→ **INFORMATION GIVEN**:

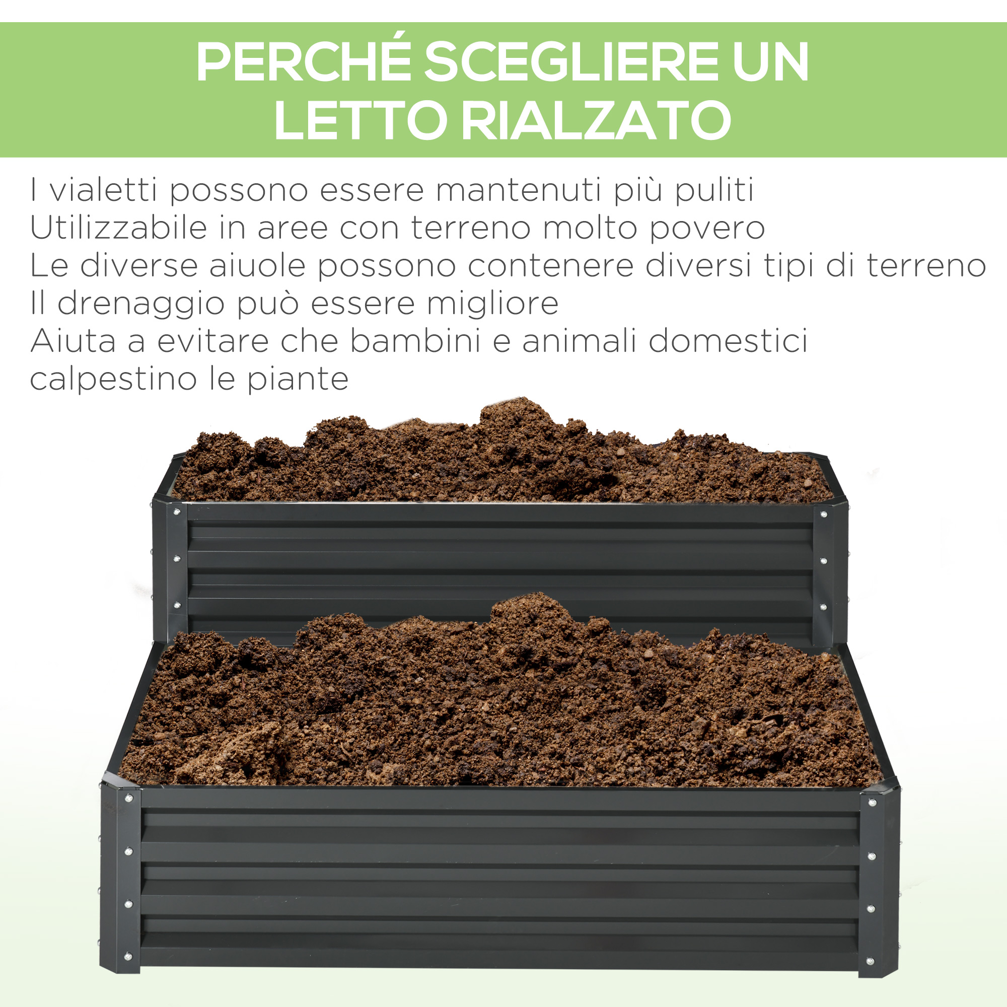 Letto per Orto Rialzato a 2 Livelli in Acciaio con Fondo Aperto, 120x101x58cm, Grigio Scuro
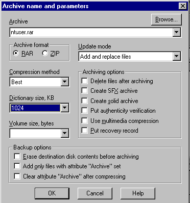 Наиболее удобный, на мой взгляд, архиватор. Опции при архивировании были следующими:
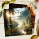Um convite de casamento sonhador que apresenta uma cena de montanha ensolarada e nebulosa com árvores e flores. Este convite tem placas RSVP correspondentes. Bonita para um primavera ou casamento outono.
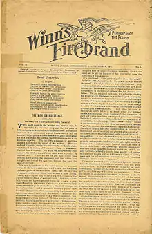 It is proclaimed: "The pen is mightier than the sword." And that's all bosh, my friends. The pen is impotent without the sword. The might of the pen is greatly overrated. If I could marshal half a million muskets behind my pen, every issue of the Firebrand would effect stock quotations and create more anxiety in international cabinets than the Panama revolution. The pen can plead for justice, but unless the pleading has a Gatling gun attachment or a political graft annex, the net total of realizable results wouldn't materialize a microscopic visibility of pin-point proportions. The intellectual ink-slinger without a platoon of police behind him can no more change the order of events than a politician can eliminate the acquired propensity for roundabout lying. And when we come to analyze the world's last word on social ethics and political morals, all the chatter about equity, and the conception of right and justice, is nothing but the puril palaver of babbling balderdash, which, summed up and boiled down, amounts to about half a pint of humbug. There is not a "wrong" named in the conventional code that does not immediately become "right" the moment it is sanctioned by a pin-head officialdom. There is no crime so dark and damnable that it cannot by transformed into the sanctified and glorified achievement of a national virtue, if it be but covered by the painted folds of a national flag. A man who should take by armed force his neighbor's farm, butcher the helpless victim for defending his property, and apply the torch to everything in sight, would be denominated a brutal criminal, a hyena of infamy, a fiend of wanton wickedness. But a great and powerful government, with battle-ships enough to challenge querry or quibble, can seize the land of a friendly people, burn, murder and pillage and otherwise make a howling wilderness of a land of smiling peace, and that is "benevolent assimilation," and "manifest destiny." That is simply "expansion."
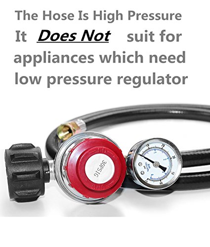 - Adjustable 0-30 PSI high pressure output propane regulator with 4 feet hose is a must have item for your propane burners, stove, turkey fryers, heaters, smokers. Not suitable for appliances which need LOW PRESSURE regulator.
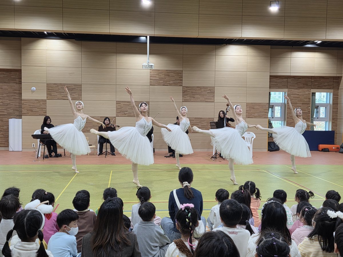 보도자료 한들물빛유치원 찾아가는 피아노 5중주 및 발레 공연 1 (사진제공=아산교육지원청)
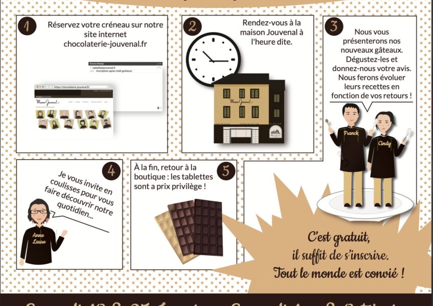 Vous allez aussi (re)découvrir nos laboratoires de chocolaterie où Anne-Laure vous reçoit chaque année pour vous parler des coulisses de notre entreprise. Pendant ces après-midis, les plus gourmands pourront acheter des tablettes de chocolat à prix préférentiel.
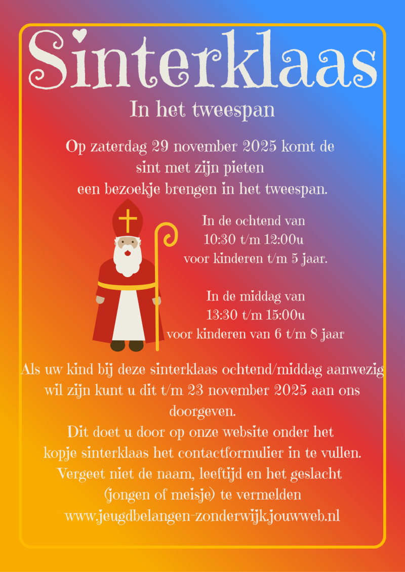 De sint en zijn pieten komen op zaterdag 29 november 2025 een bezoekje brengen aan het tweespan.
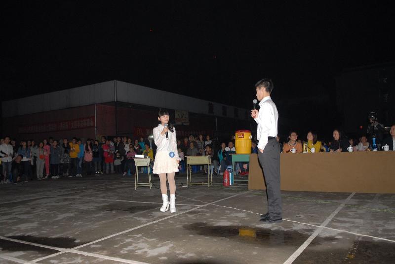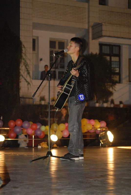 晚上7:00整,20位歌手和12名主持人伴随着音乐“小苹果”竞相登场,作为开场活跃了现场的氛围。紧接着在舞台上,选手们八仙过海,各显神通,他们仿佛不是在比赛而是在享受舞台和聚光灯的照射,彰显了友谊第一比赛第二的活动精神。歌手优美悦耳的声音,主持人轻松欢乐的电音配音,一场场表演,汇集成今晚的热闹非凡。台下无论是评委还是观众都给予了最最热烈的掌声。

==

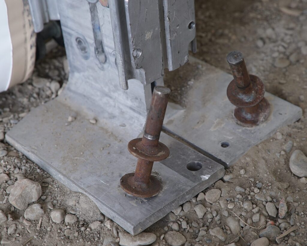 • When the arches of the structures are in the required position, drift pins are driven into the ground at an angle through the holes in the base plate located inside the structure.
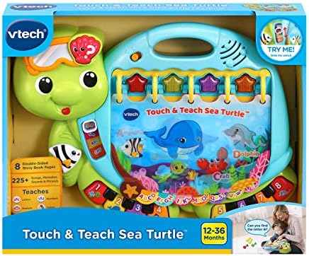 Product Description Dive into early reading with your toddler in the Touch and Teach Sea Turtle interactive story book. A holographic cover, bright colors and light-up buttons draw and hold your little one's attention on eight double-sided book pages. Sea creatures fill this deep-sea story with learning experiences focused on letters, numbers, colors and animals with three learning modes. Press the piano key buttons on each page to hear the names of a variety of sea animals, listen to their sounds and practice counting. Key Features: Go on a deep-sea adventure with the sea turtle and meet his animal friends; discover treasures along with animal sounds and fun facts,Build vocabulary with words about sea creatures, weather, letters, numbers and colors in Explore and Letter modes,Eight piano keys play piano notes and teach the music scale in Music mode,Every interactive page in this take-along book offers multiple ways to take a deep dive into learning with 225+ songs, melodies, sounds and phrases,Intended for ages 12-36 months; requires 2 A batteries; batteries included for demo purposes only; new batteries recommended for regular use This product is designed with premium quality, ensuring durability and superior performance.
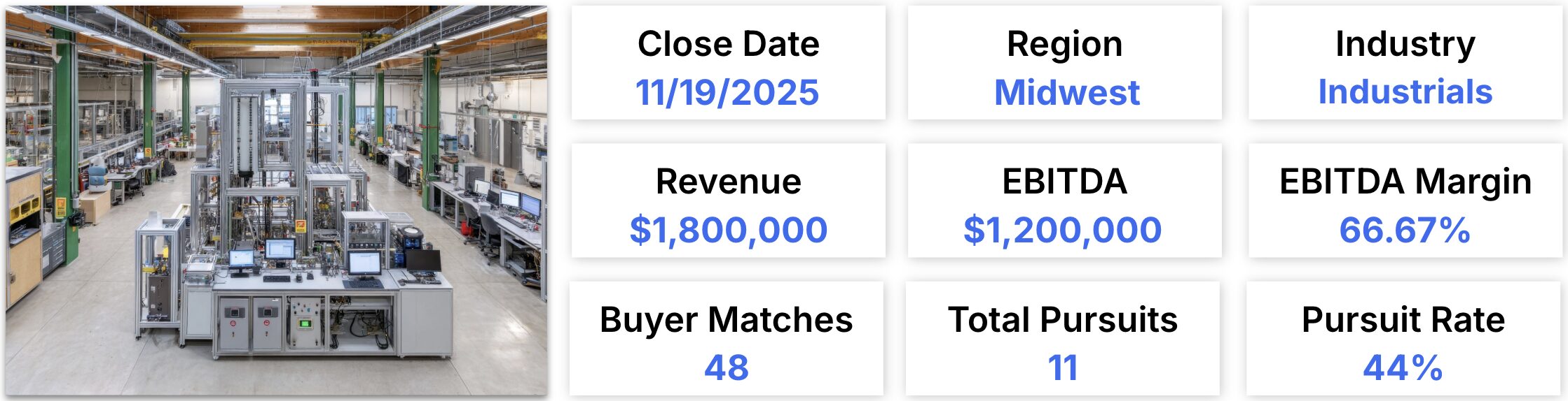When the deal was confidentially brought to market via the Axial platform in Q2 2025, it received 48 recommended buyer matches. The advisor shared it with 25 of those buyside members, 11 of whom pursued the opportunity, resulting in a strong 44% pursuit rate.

→ **YOUR GOAL**:
Word for word, restate the lines above from the one with "- Adjustable 0-30" through the one with "De sint en zijn", keeping both ends and dropping the pictures.

→ **EXERCISE RESULT**:
 - Adjustable 0-30 PSI high pressure output propane regulator with 4 feet hose is a must have item for your propane burners, stove, turkey fryers, heaters, smokers. Not suitable for appliances which need LOW PRESSURE regulator.
 보도자료 한들물빛유치원 찾아가는 피아노 5중주 및 발레 공연 1 (사진제공=아산교육지원청)
 Vous allez aussi (re)découvrir nos laboratoires de chocolaterie où Anne-Laure vous reçoit chaque année pour vous parler des coulisses de notre entreprise. Pendant ces après-midis, les plus gourmands pourront acheter des tablettes de chocolat à prix préférentiel.
 De sint en zijn pieten komen op zaterdag 29 november 2025 een bezoekje brengen aan het tweespan.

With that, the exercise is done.